The smoke could confuse drone crews and pilots and, if it contains certain chemicals, also thwart infrared-guided munitions. The barges could distract missiles fitted with radar seeker heads.
The Ukrainian army has been firing more and more of its old, Soviet-vintage Tochka ballistic missiles, targeting Russian supply hubs, oil depots and airfields as far away as 75 miles. The army’s new American-made High-Mobility Artillery Rocket System launchers with their GPS-guided rockets meanwhile are hitting Russian ammo dumps as deep as 50 miles inside Russian territory.
To bombard the bridge, the Ukrainians must acquire new, longer-range rockets—or get closer and use existing weapons in new ways.
It’s worth noting that HIMARS is compatible with a GPS-guided, 200-mile rocket called the Army Tactical Missile System. The administration of U.S. president Joe Biden has assured the Kremlin it will not give Kyiv ATACMS or any other long-range munition that could strike deep inside Russia.
But the Russians aren’t buying it. “To trust, you need to have experience of cases where promises were kept,” Kremlin spokesman Dmitry Peskov said. “Unfortunately, there is no such experience at all.”
To hold the Crimean Bridge at risk without acquiring new munitions, the Ukrainian army would need to recapture a swathe of the Ukrainian coast along the Sea of Azov east of Crimea. That means, in essence, liberating Russian-occupied Melitopol. Realistically, the Ukrainians first would need to liberate Kherson, farther west.

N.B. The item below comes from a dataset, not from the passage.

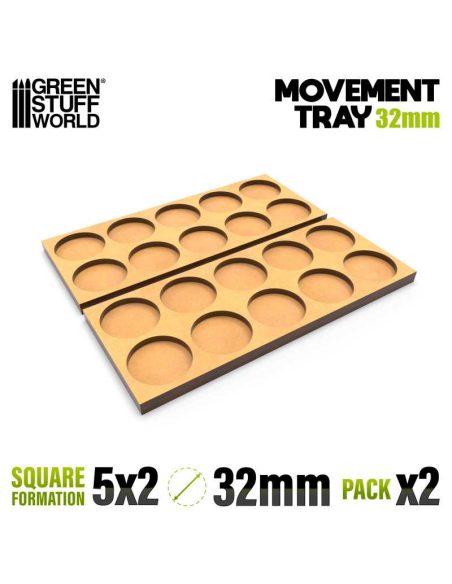 Con este set podrás crear 2 bandejas de movimiento warhammer® compatibles en formacion 5x2 para peanas redondas de 32mm

With a toehold on the Sea of Azov coast, the Ukrainian navy could fire some of its new foreign-supplied Harpoon anti-ship missiles at the Crimean Bridge. The Harpoon has the range to cross the Sea of Azov in order to reach the bridge and the accuracy to hit it, thanks to its radar seeker.
But the Harpoon’s 500-pound warhead is meant for sinking ships, which are much more fragile than any bridge is. If the Ukrainians reached the Sea of Azov and if they managed to deploy Harpoons in an improvisational anti-bridge role, they might need to fire more than one missile.
That’s a lot of ifs and mights. But the Russians aren’t taking chances with their priceless bridge.